Based on their ligand-binding properties, C-type CRDs can be divided into two groups: those that bind mannose, GlcNAc, and fucose and those that bind galactose and GalNAc (Drickamer, 1999; Weis et al., 1998
). CRDs in these two groups differ in a few key residues around the ligand-binding site. Ligand binding to the C-type CRDs involves interaction of two adjacent hydroxyl groups with Ca2+. Thus the primary determinant of binding selectivity is usually the orientation of the 3- and 4-hydroxyl groups of the sugar, although fucose presents a special case because it is an L sugar. In general, C-type lectins that bind fucose well do not bind galactose well and vice versa. The KCR, having been described as a fucose receptor, might appear to be a member of the former group, but studies on the purified protein suggest that it actually binds fucose relatively poorly compared to galactose (Lehrman et al., 1986a
). Sequence alignments also indicate that the KCR would be predicted to be a galactose/GalNAc-binding protein. Because most of the previous work on the ligand-binding properties of the KCR was carried out on protein purified from liver, the possibility of contamination by the mannose receptor or the asialoglycoprotein receptor has been a persistent concern in the interpretation of these studies. Nevertheless, the fact that the receptor was purified from rat liver by affinity chromatography on immobilized fucose suggested that it must have significant fucose-binding character.

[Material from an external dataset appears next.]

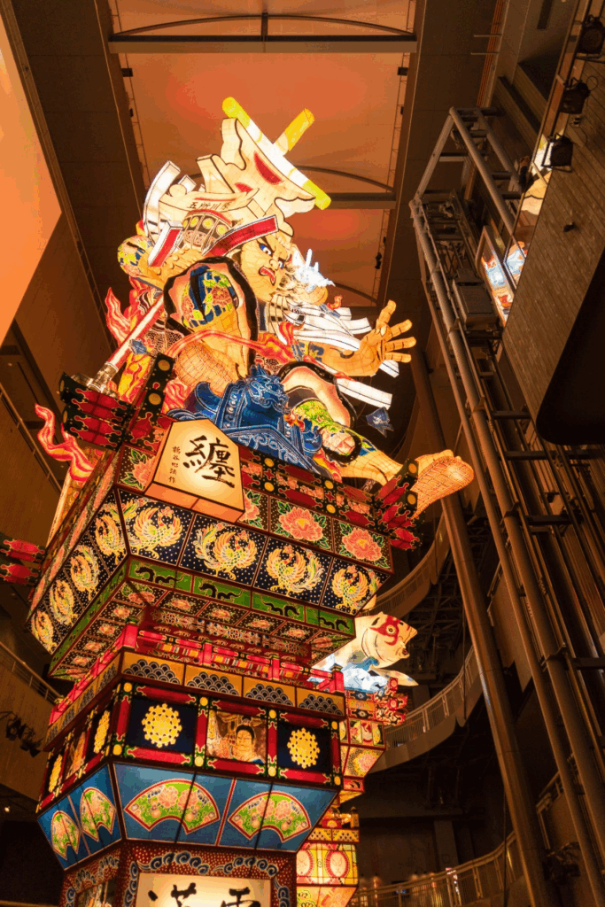เรากลับมาเที่ยวที่เมือง Goshogawara มาเที่ยว Tachineputa Museum เป็นที่เก็บโคมไฟยักษ์และเล่าเรื่องราวเกี่ยวกับโคมไฟยักษ์นี้ ที่เห็นในรูปกระจกสามารถเลื่อนเปิดได้แล้ว แล้วเข็นโคมไฟยักษ์ออกมา อย่างกับโรงงานหุ่นยนต์

The aims of this article were to produce a recombinant extracellular fragment of the KCR free from any other lectins and to facilitate a more definitive analysis of its sugar-binding properties and its structural organization. Overlapping binding specificities of the KCR and the asialoglycoprotein receptor and the absence of a functional gene for the KCR in humans have important implications for the role of multiple hepatic lectins in clearance of glycoproteins and particles from circulation.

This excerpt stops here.